If there is much irrelevant and redundant information present or noisy and unreliable data, then knowledge discovery during the training phase is more difficult. Data preparation and filtering steps can take considerable amount of processing time. Data preprocessing includes cleaning, Instance selection, normalization, transformation, feature extraction and selection, etc. The product of data preprocessing is the final training set.
Data pre-processing may affect the way in which outcomes of the final data processing can be interpreted. This aspect should be carefully considered when interpretation of the results is a key point, such in the multivariate processing of chemical data.

Tasks of data pre-processing

The origins of data preprocessing are located in data mining. The idea is to aggregate existing information and search in the content. Later it was recognized, that for machine learning and neural networks a data preprocessing step is needed too. So it has become to a universal technique which is used in computing in general.
From a users perspective, data preprocessing is equal to put existing comma-separated values files together. Data are usually stored in files. The CSV format was mentioned already but it's possible that the data are stored in a Microsoft Excel sheet or in a json file. A self-created script is applied to the file. From a technical side the script can be written in Python and in R.
The reason why a user transforms existing files into a new one is because of many reasons. Data preprocessing has the objective to add missing values, aggregate information, label data with categories and smooth a trajectory. More advanced techniques like principle component analysis and feature selection are working with statistical formulas and are applied to complex datasets which are recorded by GPS trackers and motion capture devices.

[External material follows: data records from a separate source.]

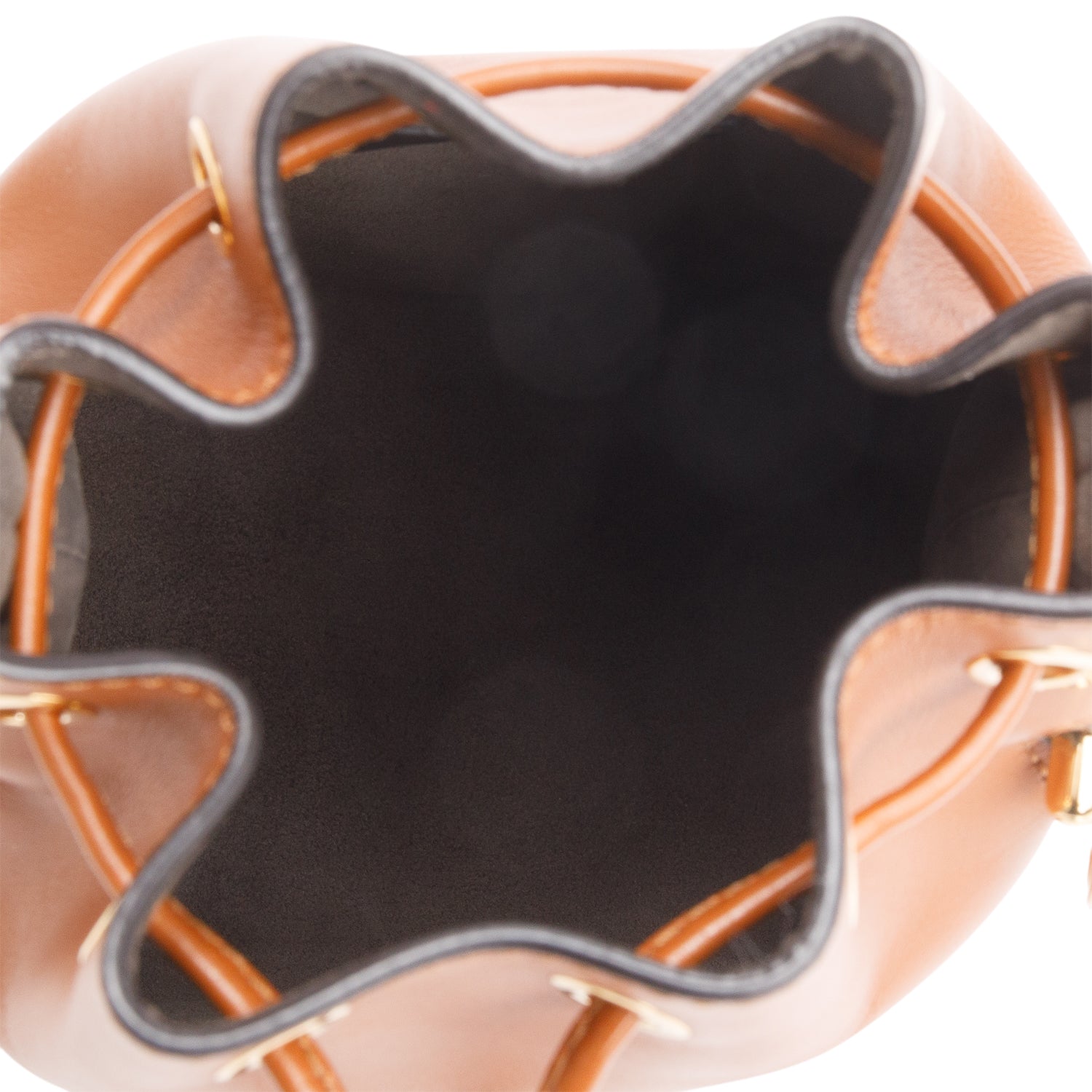 2021 Brown Vitello Logo Embossed Mini Mon Tresor Bucket Bag w/ Box & Receipt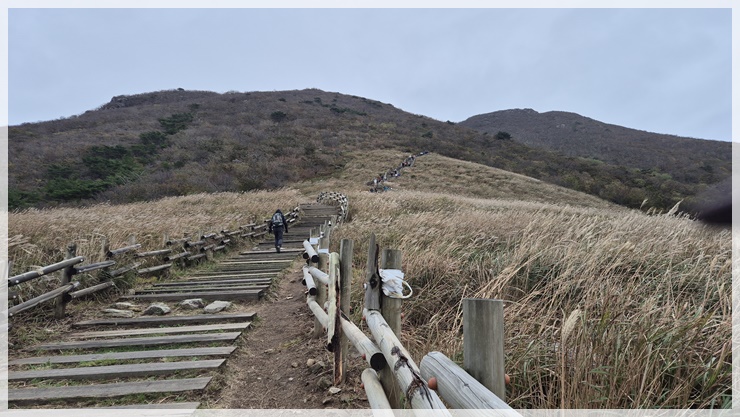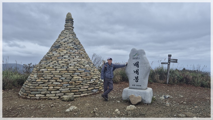 엄청난 맞바람을 맞으며 산행을 시작하고 배내봉 아람약수터를 지나 배내봉까지 나무계단 길을 올라갑니다. 배내봉은 키 높이가 1,000m 를 넘지 못해 영남알프스에서 제대로 된 명함을 받지 못했나 봅니다. 등로변에는 철모르는 철쭉이 분홍색 꽃망울을 열었는데 금방 겨울로 접어들 텐데 어쩔는지 모르겠습니다.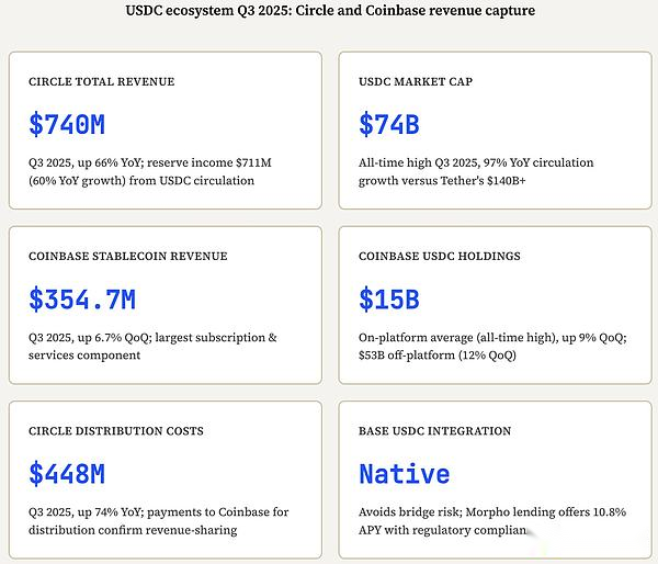 Die Finanzergebnisse von Circle für das dritte Quartal 2025 bestätigen das Gesamtwachstum des USDC-Ökosystems.Circle berichtete, dass seine Gesamteinnahmen und Reserveeinnahmen 740 Millionen US-Dollar erreichten (ein Anstieg von 66 % im Jahresvergleich), wobei die Reserveeinnahmen 711 Millionen US-Dollar erreichten (ein Anstieg von 60 % im Jahresvergleich), was hauptsächlich auf einen Anstieg des durchschnittlichen USDC-Umlaufs um 97 % zurückzuführen sei.Der Marktwert von USDC erreichte im dritten Quartal 2025 ein Allzeithoch von 74 Milliarden US-Dollar, gegenüber zuvor 61,3 Milliarden US-Dollar, was ihn zum zweitgrößten Stablecoin nach Tether macht (mit einem Marktwert von mehr als 140 Milliarden US-Dollar).Es ist erwähnenswert, dass die Vertriebskosten von Circle im Jahresvergleich um 74 % auf 448 Millionen US-Dollar gestiegen sind, wobei der Anstieg „hauptsächlich auf einen Anstieg der Vertriebszahlungen zurückzuführen ist, der einen Anstieg der USDC-Umlaufsalden und einen Anstieg der durchschnittlichen USDC-Bestände auf der Coinbase-Plattform widerspiegelt.“Diese Offenlegung bestätigt, dass Coinbase einen erheblichen Teil der Einnahmen aus dem Wachstum von USDC erhalten hat, was Coinbase dazu veranlasst, es als USDC-Vertriebskanal zu nutzen und eine finanzielle Grundlage für die Entwicklung des Ökosystems unabhängig vom spekulativen Token-Handel zu schaffen.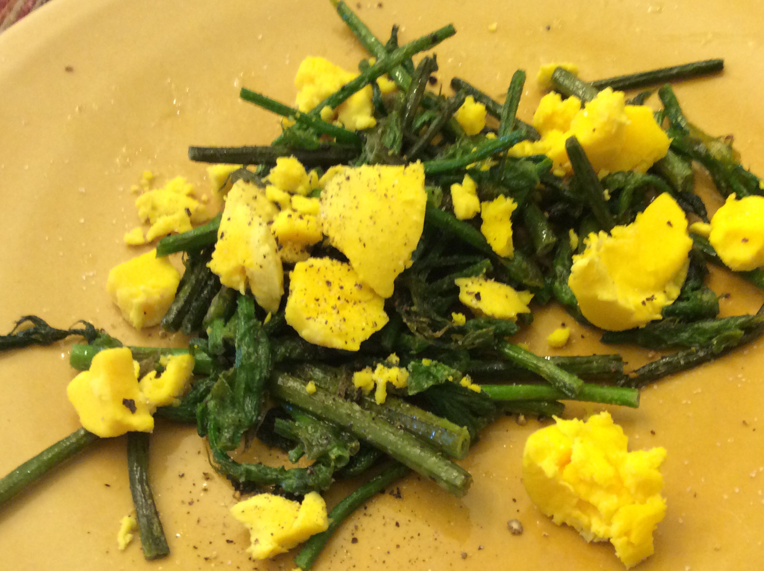 Two posts ago I wrote about learning to use spring hops shoots as a vegetable, and a couple of weeks after my first taste, they are nearly over for the year. I hit a tiny second harvest by breaking off the tips when the vines were as tall as I wanted. These “upper shoots”have even more of the wild, feral, slightly bitter flavor than the first emerging growth has, and are quite addictive. My favorite preparation so far is to cut them into segments about an inch long, sizzle them in butter or olive oil over medium-high Heat until the stems are crisp-tender and the infant leaves are fried crisp, salt to taste, and crumble the yolk of a hard-boiled egg over the top. The egg yolk smoothes the bitterness beautifully. This method works well with bitter greens as well.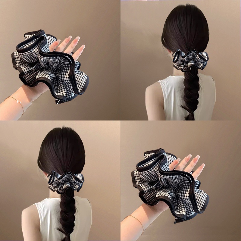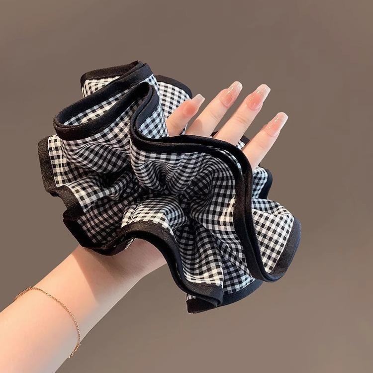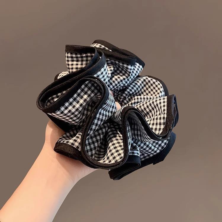2024 빈티지 패션 큰 지방 소시지 링 흑백 격자 무늬 달콤한 주름 봉오리 머리 반지 머리 꽃 헤어 액세서리 헤어 로프스토어 가기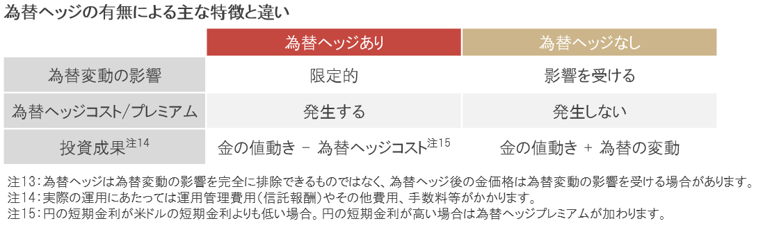※ピクテ・ゴールドは「為替ヘッジあり」と「為替ヘッジなし」の2ファンドからお選びいただけます。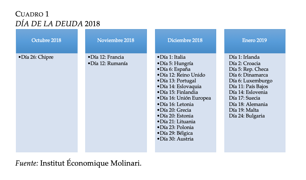 Tal fecha queda marcada como el Día de la Deuda. Este cálculo, realizado por el Instituto de Estudios Económicos en colaboración con el Instituto Económico Molinari de Francia, permite visibilizar el problema del excesivo endeudamiento de las Administraciones Públicas a partir de un simple ejercicio, que consiste en traducir el saldo presupuestario a un calendario.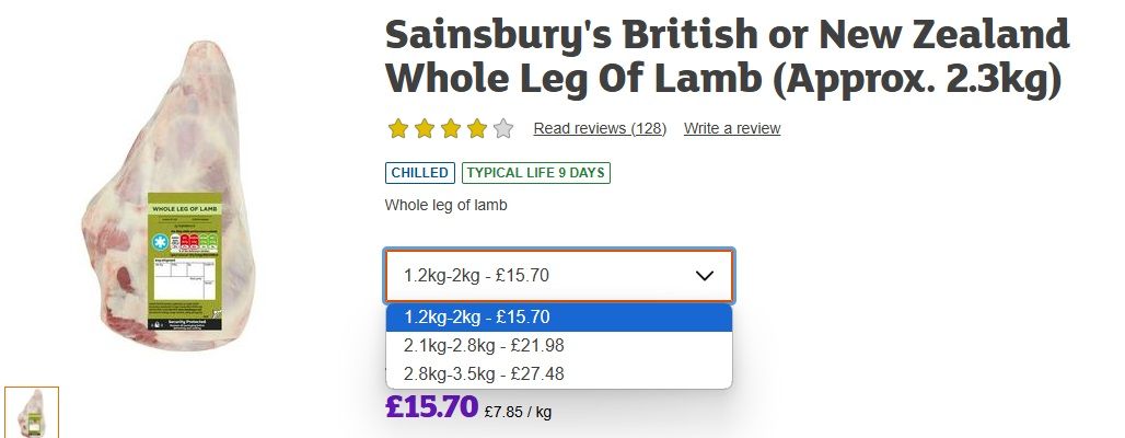 Sainsbury's sell meat in different weight categories. which I will call small. medium and large
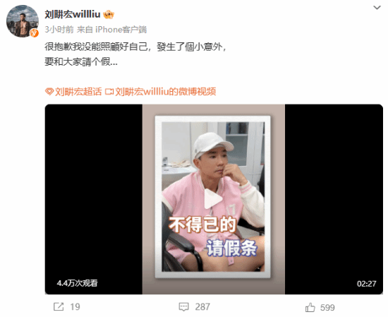 刘畊宏脚踝受伤坐轮椅:暂时不能带大家跳操了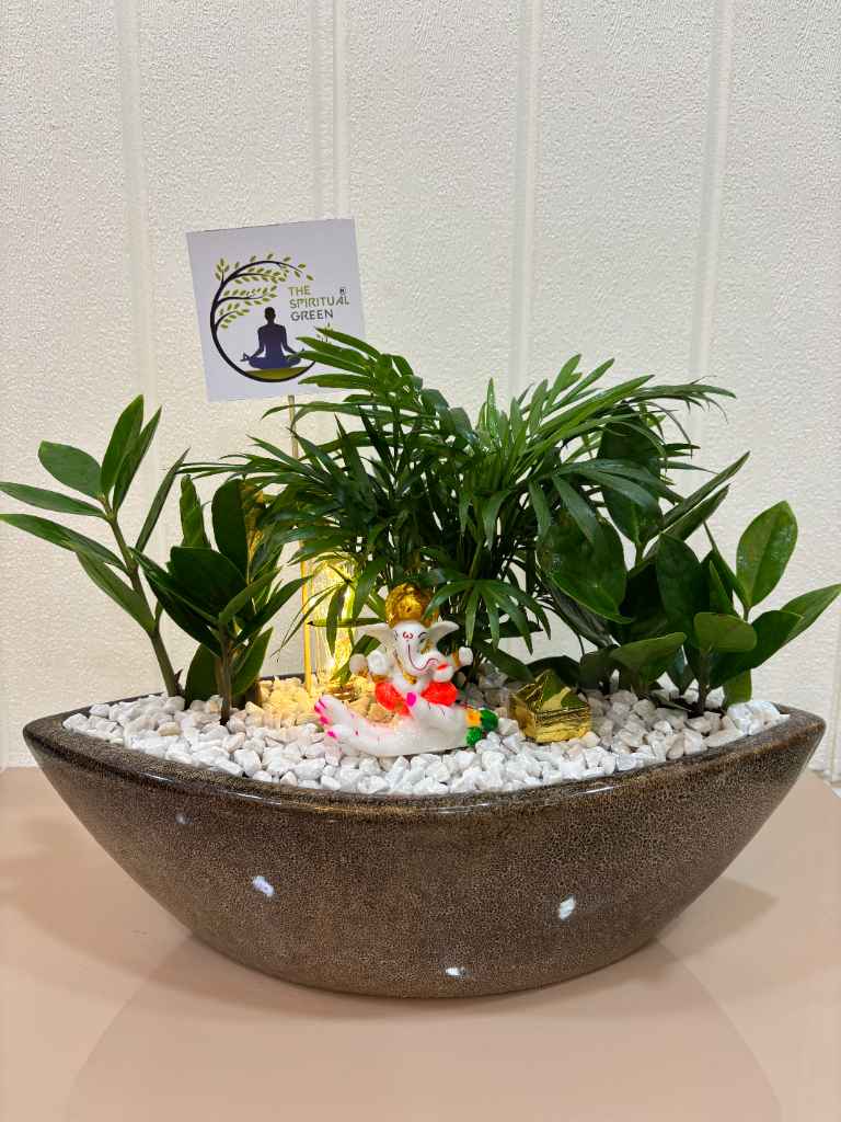 The planter features a delightful miniature idol of Lord Ganesha, seated peacefully, symbolizing wisdom, prosperity, and the remover of obstacles. He is nestled amidst a lush landscape of live plants, including the graceful, feathery fronds of an Areca Palm and the robust, dark green leaves of a ZZ Plant (Zamioculcas zamiifolia). These low-maintenance plants are known for their air-purifying qualities and ability to thrive indoors.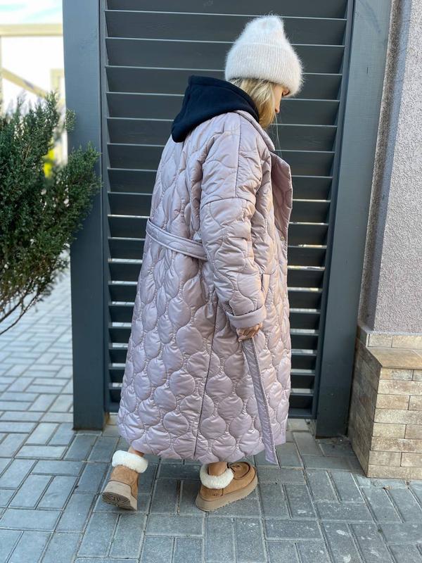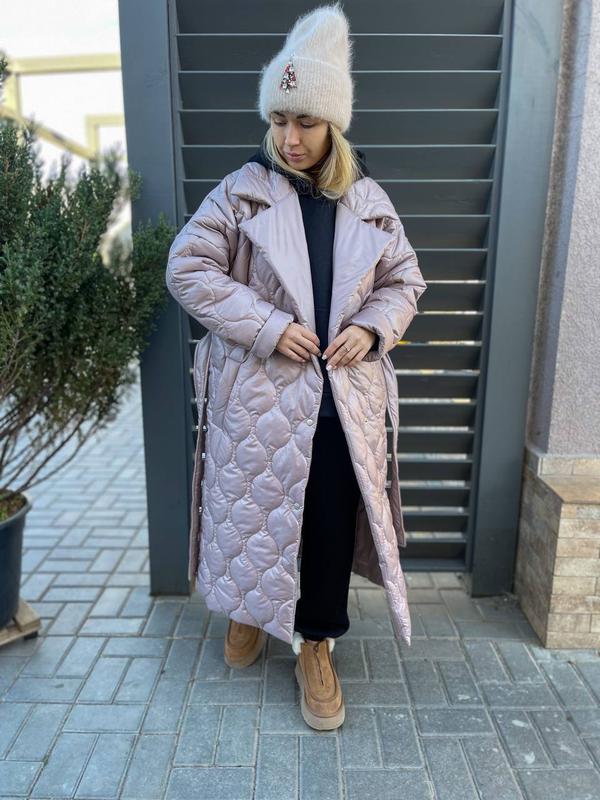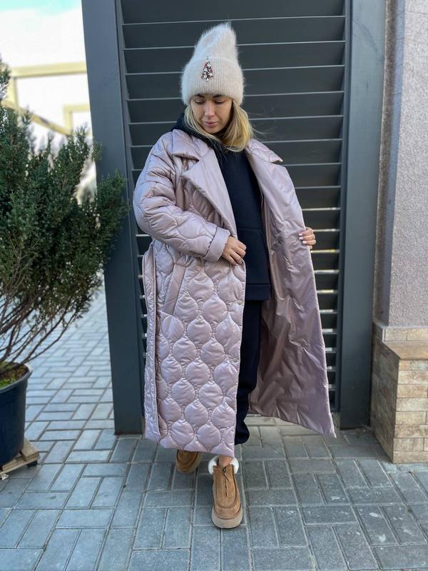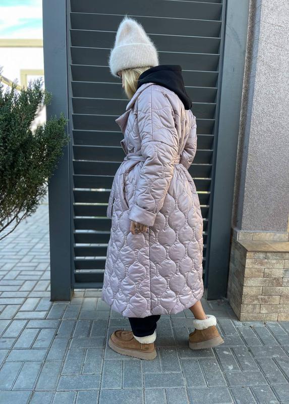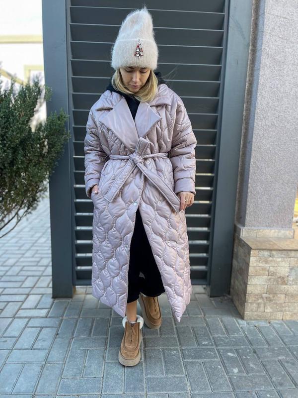 Зимнее пальто, застегивается на кнопки, в комплекте пояс. Подклад так же из плащевки, что обеспечит дополнительное тепло.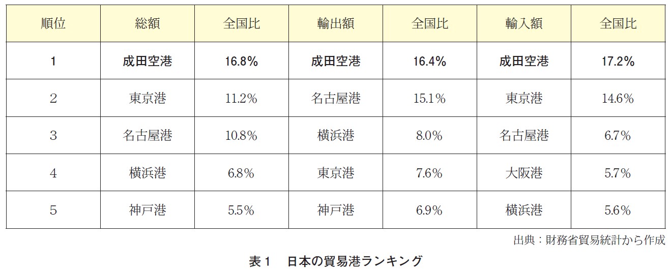 成田空港は、国際線利用者数、国際貨物取扱量ともに国内空港トップのシェアを占めており、特に国際貨物については、金額ベースで我が国最大の貿易港であるなど、日本と海外とのメインゲートウェイの1つとなっている(いずれも2024年実績、表1)。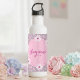 Custom daisy water bottle in pastel pink and dark pink, on a dotted background.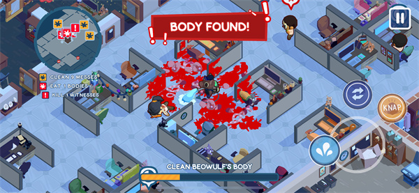 3、清扫过程中要注意避开其他员工,一旦被发现真实身份,角色会失控并对其发起攻击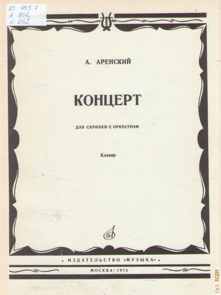 Аренский А., Концерт: Соч. 54 для скрипки с оркестром. Клавир — 1973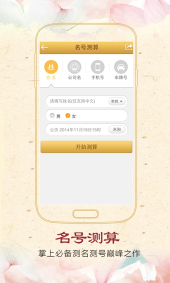 名號測算是測名改名、手機(jī)/電話/車牌號碼測算最精準(zhǔn),內(nèi)容最豐富的移動運(yùn)勢應(yīng)用!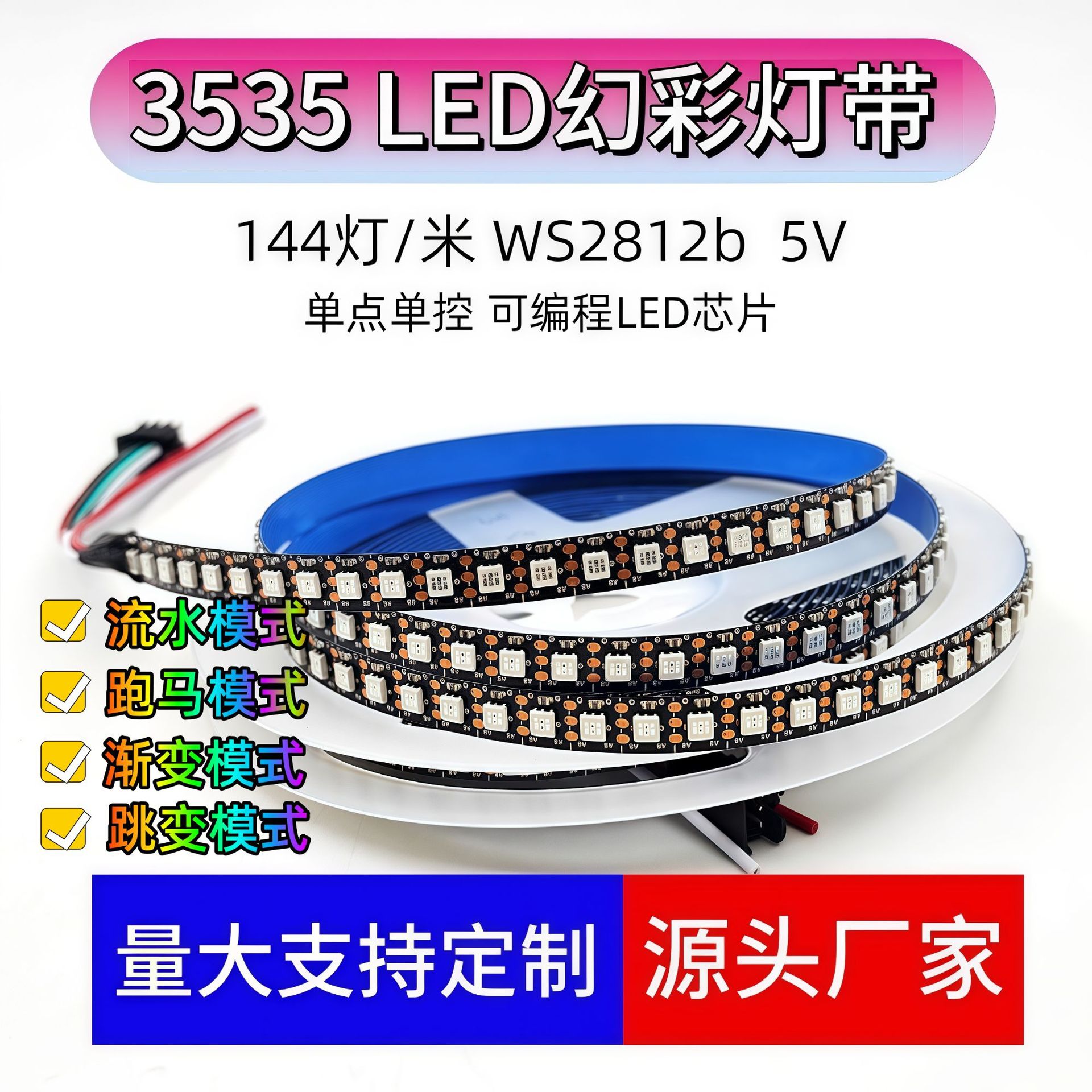WS2812B144 Lampu Kuda Balap Lampu Aliran Fantasi Warna Dengan 5050 Built-In IC Dapat Diprogram Penuh Warna Lampu Lembut Strip 5V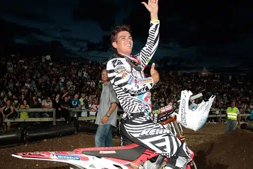 En catégorie SX2, c’est Adrien Lopes qui s’impose au général des deux manches de la soirée. Auteur des deux holeshots, il se classe troisième de la première manche puis remporte la seconde pour s’adjuger la victoire finale. A noter qu’Adrien pilote une Honda CRF relookée façon Jérémy McGrath de l’époque « Peak Pro Circuit ». Juste magnifique !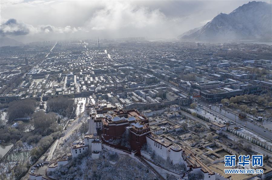 當(dāng)日,西藏拉薩迎來(lái)降雪,高原古城銀裝素裹,美如畫(huà)卷。新華社記者普布扎西攝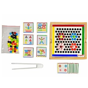 este jogo é indicado para todas as idades. Crianças menores podem se familiarizar com jogo, mas com a supervisão de um adulto, usando livremente o tabuleiro e a pinça. Embaralhe as fichas e comece a montar o tabuleiro a sequência da ficha escolhida. Auxilia no desenvolvimento da concentração, percepção de cores, coordenação motora fina e atenção. - marca: brinqmutti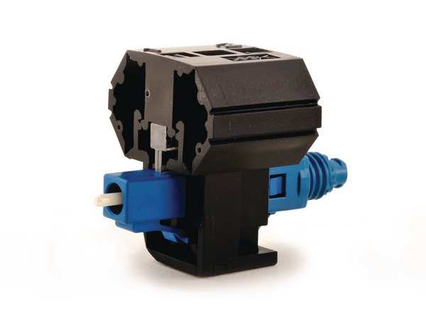 - Features a latched lever mechanism to provide secure mating into the adaptor

Semantic data preprocessing

Complex problems are asking for more elaborated analyzing techniques of existing information. Instead of creating a simple script for aggregating different numerical values into one, it make sense to focus on semantic based data preprocessing. Here is the idea to build a dedicated ontology which explains on a higher level what the problem is about. The Protégé is the standard tool for this purpose. A second more advanced technique is Fuzzy preprocessing. Here is the idea to ground numerical values with linguistic information. Raw data are transformed into natural language.